GİRİŞİMSEL YÖNTEMLER AMELİYATA ALTERNATİF Mİ?
. Girişimsel yöntemler hastayı ameliyat olmaktan kurtarabilir mi?
“Kanser hastaları genelde bu tedavilere hayatlarının belli bir dönemi boyunca muhtaç olabilir. Dolayısıyla tam olarak birbirlerine alternatif gibi görmemek gerekir. Örneğin erken evredeki kanser, cerrahi olarak da alınıp yakılabilir. Burada hastanın tercihi ve ameliyata uygun olup olmaması da önemlidir. Tümörlerin sayısı ve büyüklüğü de kararı etkiler.”
. Bu yöntemlerin riski ve yan etkileri daha mı azdır?

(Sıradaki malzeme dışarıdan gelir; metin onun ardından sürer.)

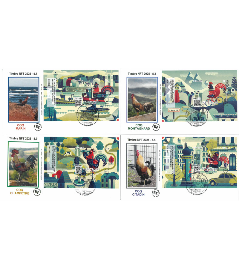 4 enveloppes soie avec les blocs NFT 5.1 COQ MARIN / 5.2 COQ MONTAGNARD / 5.3 COQ CHAMPETRE / 5.4 COQ CITADIN, oblit PJ Paris 16/9/2025
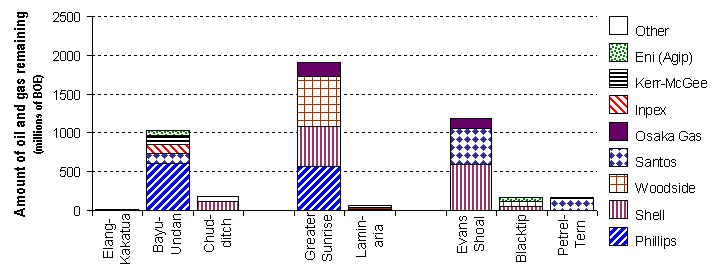 “Reserves in Timor Sea” shows the amount each company owns of both East Timorese and Australian parts of the Timor Sea oil and gas deposits.
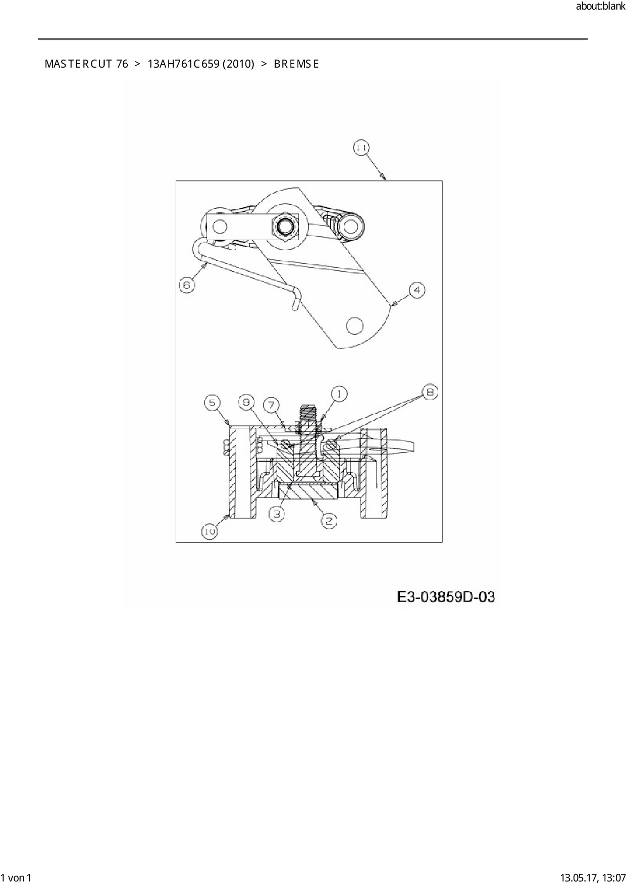 Ersatzteile für Rasentraktor Mastercut Mastercut 76 aus der Zeichnung Bremse:
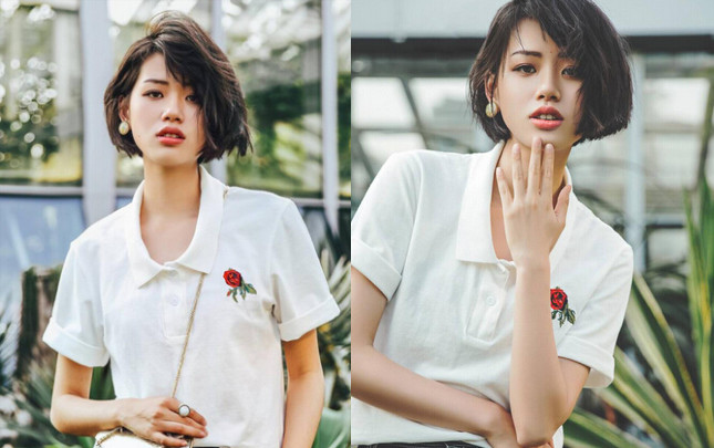 短发一向给人一种简单潮流的感觉。恰到其分的短发长度完美地包裹住方脸,而斜分的刘海设计更是对脸型特进行完美的修饰,蓬松卷翘的发丝帅气十足,给人都是满满的中性干练感觉。
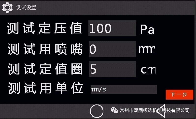 1.接通电源,在液晶触摸屏上按照标准设置测试条件。
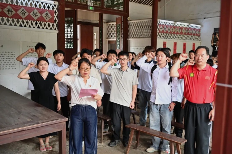 随后,马克思主义学院副院长李丽诗带领全体师生党员在馆内重温入党誓词。全体师生党员以铮铮誓言,表达不负先辈遗志,不忘初心使命,踔厉奋发进取的坚定信念和决心。
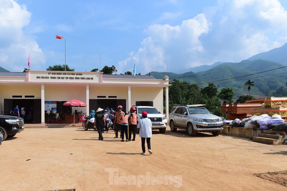Tại nhà văn hoá thôn Làng Nủ, đoàn đã trao tặng nhu yếu phẩm, túi thuốc… và tiền mặt hỗ trợ (2 triệu đồng/suất) đối với một số gia đình học sinh bị cuốn trôi nhà cửa, mất người thân do trận lũ quét.
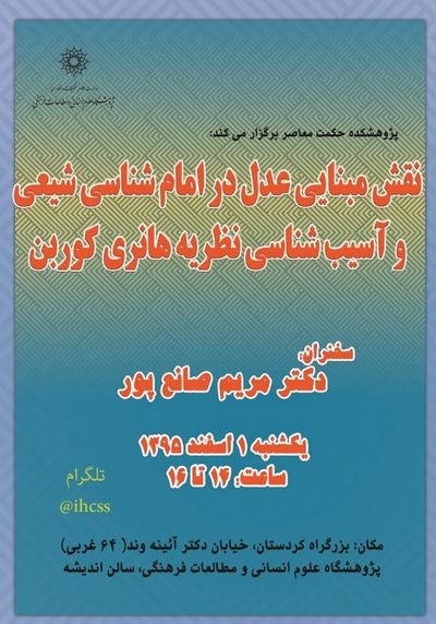به گزارش خبرگزاری بینالمللی قرآن (ایکنا)، نشست «نقش مبنایی عدل در امامشناسی شیعی و آسیبشناسی نظریه هانری کوربن» به همت پژوهشکده حکمت معاصر پژوهشگاه علوم انسانی و مطالعات فرهنگی با سخنرانی مریم صانعپور برگزار میشود.
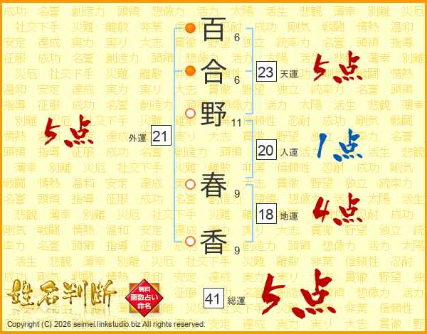 百合野春香さんの総運は41画の5点!

“Cerrahiye göre ablasyon tedavisi daha avantajlıdır. İğne deliğinden yapılır. Lokal anestezi altında uygulanır. Hasta tedaviden sonra aynı gün evine gidebilir. Defalarca tekrarlanabilir. Tümör başka bir yerde nüksederse tedavi oraya tekrar tekrar uygulanabilir. Bu özelliği radyoterapiye olan üstünlüklerinden biridir. Radyoterapi bir dokuya ikinci defa genellikle verilmez. Çünkü verilebilecek total doz vardır. Yoksa yan etkiler artar.”
. Hipertermi ve ablasyonla yapılan yatarak tümörün tedavisi işlemlerinin birbirinden farkı nedir?
“Ablasyon tek başına bir tedavidir. İki santimlik bir tümör ablasyonla yakılarak kesin olarak tedavi edilebilir. Hasta evine gönderilir, daha sonra takibe alınır. Hipertermi ise kemoterapiye yardımcı bir tedavidir. Bölgesel olarak dokuyu 40 dereceye kadar ısıtır. Bu dokuları tahrip etmez. Dokuda bir takım değişiklikler yaratarak kemoterapinin daha etkili olmasını sağlar.”